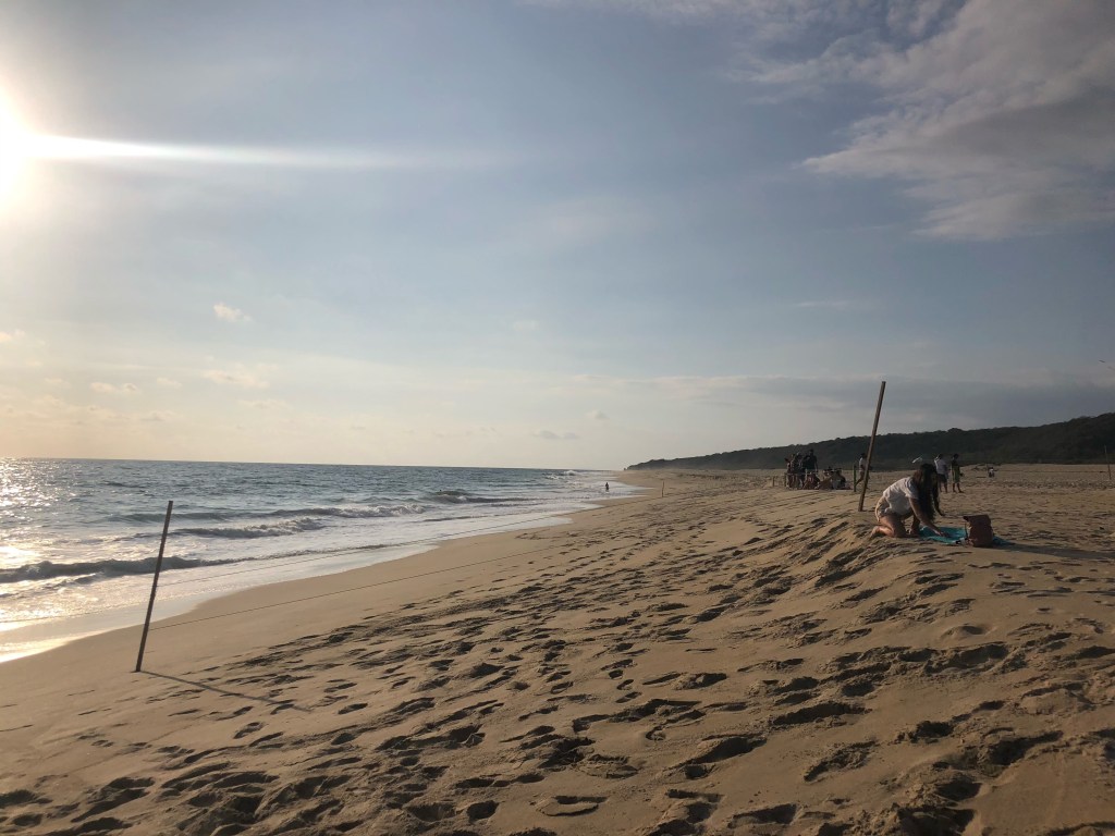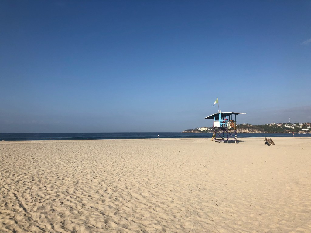 L’eau est douce et claire, propice à la baignade. Après un bon bain, en bons aventuriers, nous décidons de pousser la découverte jusqu’aux plages situées à l’extrémité ouest de Puerto. Nous nous perdons dans les rues d’un nouveau quartier, flanqués de villas luxueuses, mais finissons par trouver la longue et sauvage playa Bacocho. Avec les vagues, conséquentes, l’autre attraction du lieu est la mise à l’eau de jeunes tortues élevées dans un centre non loin. La « touristication » de la manœuvre donne lieu à un étrange spectacle : les volontaires font la queue, récupèrent une minuscule tortue, marchent vers la zone de lancement, délimitée par une corde, relâchent le petit animal, et le regardent rejoindre l’océan en prenant soin de rester derrière les barrières. Sur la plage, un guitariste à la voie nasillarde tente de séduire de jeunes naïades, trop occupées à travailler leur poses instagrammables pour prêter attention aux vocalises de l’artiste en herbe.
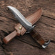 Experience the strength and craftsmanship of this custom handmade bowie knife, designed for durability and performance. Featuring a 9-inch carbon steel blade, this knife offers superior sharpness and resilience. The wood handle with a steel guard ensures a comfortable grip, providing both style and functionality. Ideal for hunting, survival, or display, this knife comes with a premium leather sheath for secure storage and easy carry.
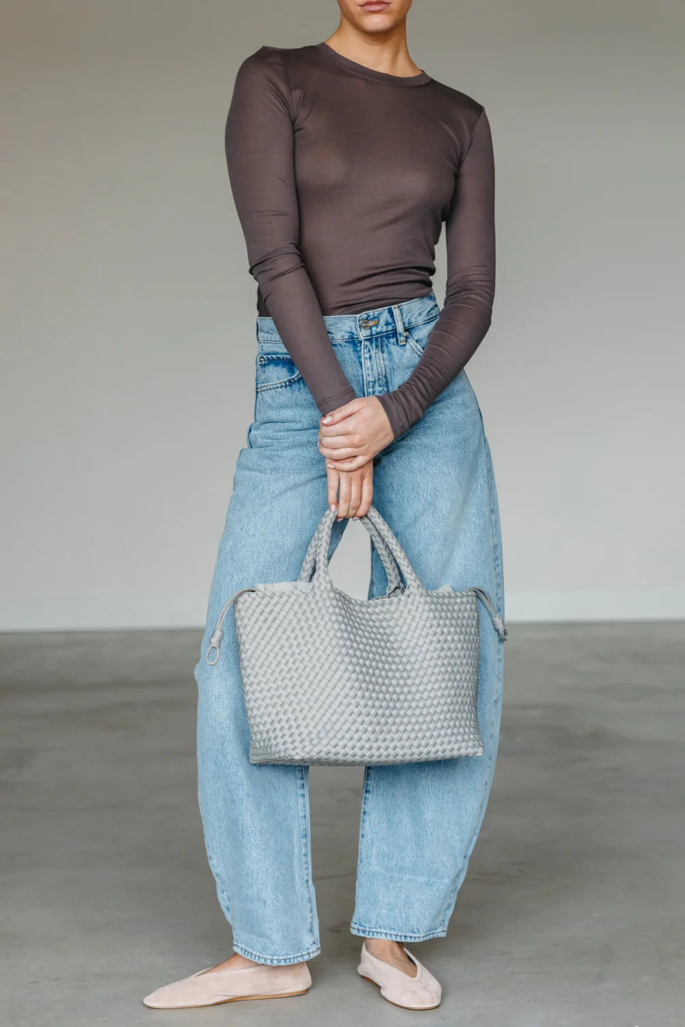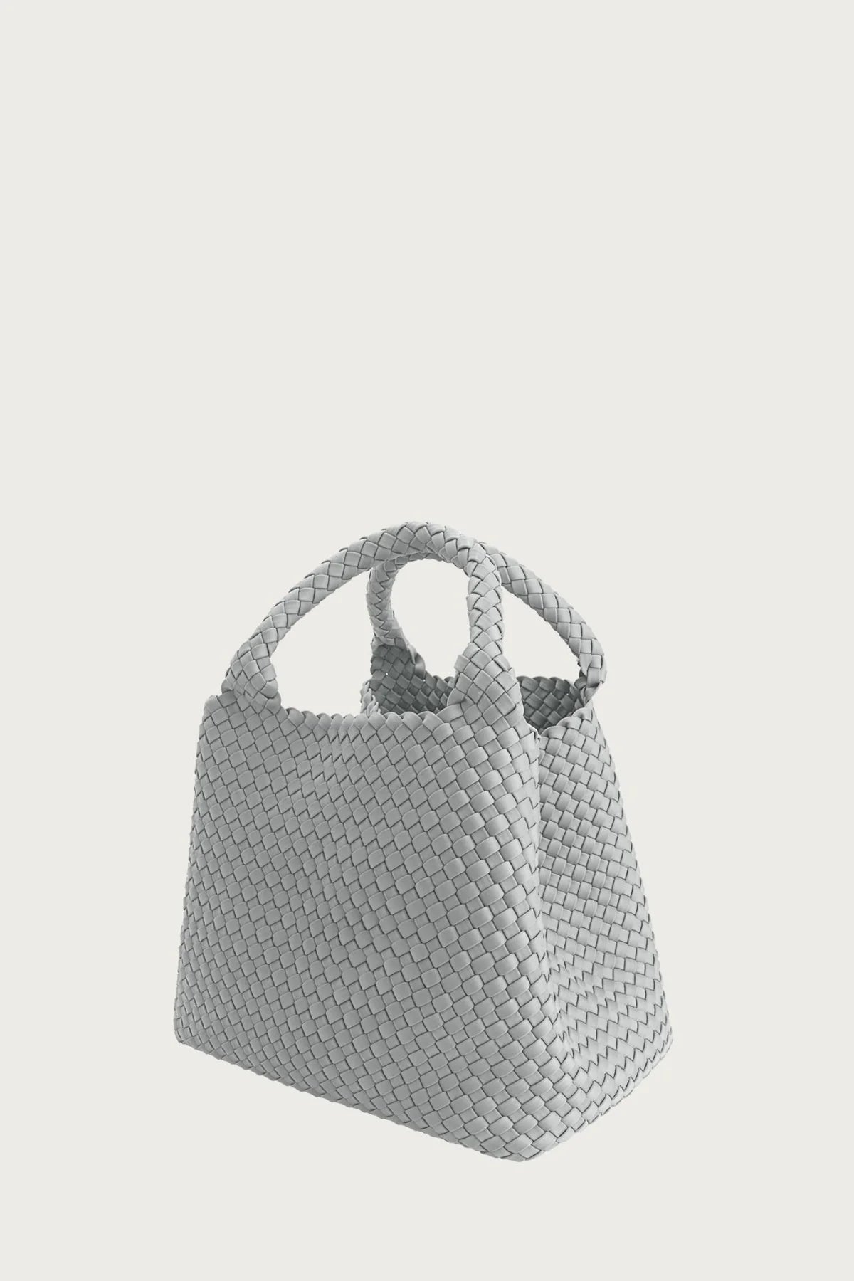 Diese Tasche ist ein Must-have für alle, die auffallen wollen. Ob Fitnessstudio, Strandtag oder Wochenendtrip: Diese geräumige Tasche ist ein perfekter Begleiter für Alle Gelegenheiten. Farbe Silver Seashell ist ein heller Grauton mit urbaner Eleganz. Tasche ist von Hand geflochten aus Neopren & passt zu jeder Jahreszeit, jedem Look, jeder Stimmung. Mit zwei Hänkel versehen, so kannst du sie in der Hand, am Ellbogen oder auf der Schulter tragen. Die Taschen kann leicht vom Schmutz abgewaschen werden und inkludiert ein Wasser-resistentes Innenbeutel. Maße 26cm x 45cm x 20cm
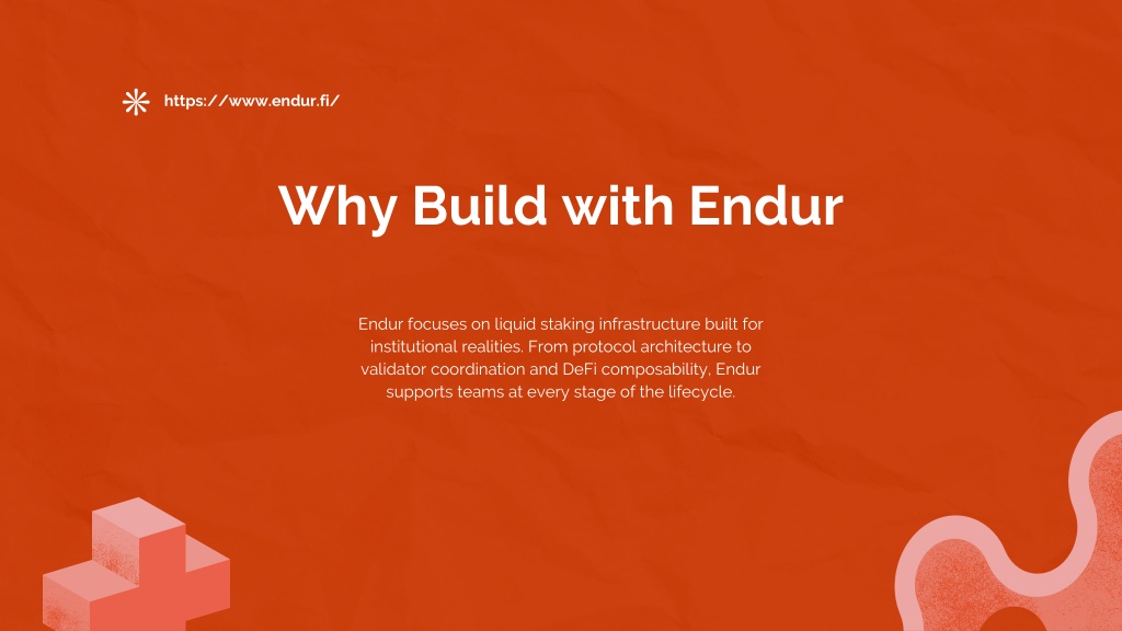 7. https://www.endur.fi/ Why Build with Endur Endur focuses on liquid staking infrastructure built for institutional realities. From protocol architecture to validator coordination and DeFi composability, Endur supports teams at every stage of the lifecycle.
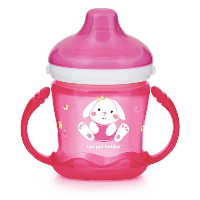 Нетечащия накрайник помага на детето да пие самостоятелно от чашата без опасност от разливане на течност. Капачката защитава накрайника от замърсяване. Удобните широки дръжки позволяват лесно хващане и държане на чашата. 230мл, 9м+. Предлага се в два цвята: син и розов.
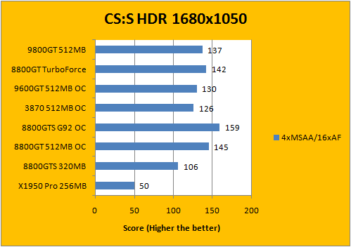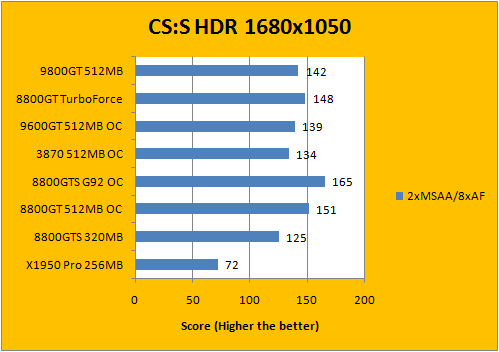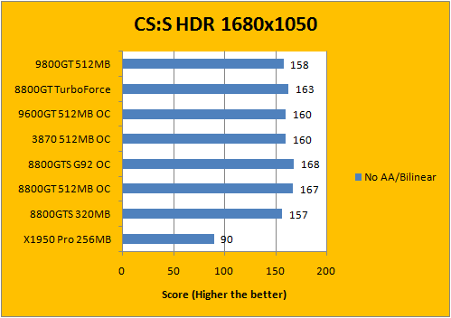 Our custom timedemo for Counter-Strike: Source, like our Half-Life 2: Lost Coast custom timedemo, generally reflects average real life performance. Generally speaking, all cards are very capable in this Source engine based game. Results are consistent with regards to the Gigabyte 9800GT 512MB in other games; where it is only a few frames behind the 8800GT TOP from Asus and the 8800GT TurboForce in each benchmark due to lower stock frequencies.
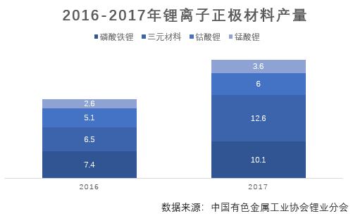 中国有色金属工业协会锂业分会(下称锂业分会)的数据显示,2017年全国正极材料产量约为32.3万吨,同比增长49.54%。其中三元材料以93.85%的增速,成为2017年增长最快的正极材料,钴酸锂产量增速为17.65%。此外,从产值来看,2017年国内正极材料产值413亿元,同比增长98.56%。
******
■ Work instructions: Your copy should run from the line that has "Нетечащия накрайник помага" through the last line above, exactly, with both ends in and pictures out.

■ Reply to the exercise:
 Нетечащия накрайник помага на детето да пие самостоятелно от чашата без опасност от разливане на течност. Капачката защитава накрайника от замърсяване. Удобните широки дръжки позволяват лесно хващане и държане на чашата. 230мл, 9м+. Предлага се в два цвята: син и розов.
 Our custom timedemo for Counter-Strike: Source, like our Half-Life 2: Lost Coast custom timedemo, generally reflects average real life performance. Generally speaking, all cards are very capable in this Source engine based game. Results are consistent with regards to the Gigabyte 9800GT 512MB in other games; where it is only a few frames behind the 8800GT TOP from Asus and the 8800GT TurboForce in each benchmark due to lower stock frequencies.
 中国有色金属工业协会锂业分会(下称锂业分会)的数据显示,2017年全国正极材料产量约为32.3万吨,同比增长49.54%。其中三元材料以93.85%的增速,成为2017年增长最快的正极材料,钴酸锂产量增速为17.65%。此外,从产值来看,2017年国内正极材料产值413亿元,同比增长98.56%。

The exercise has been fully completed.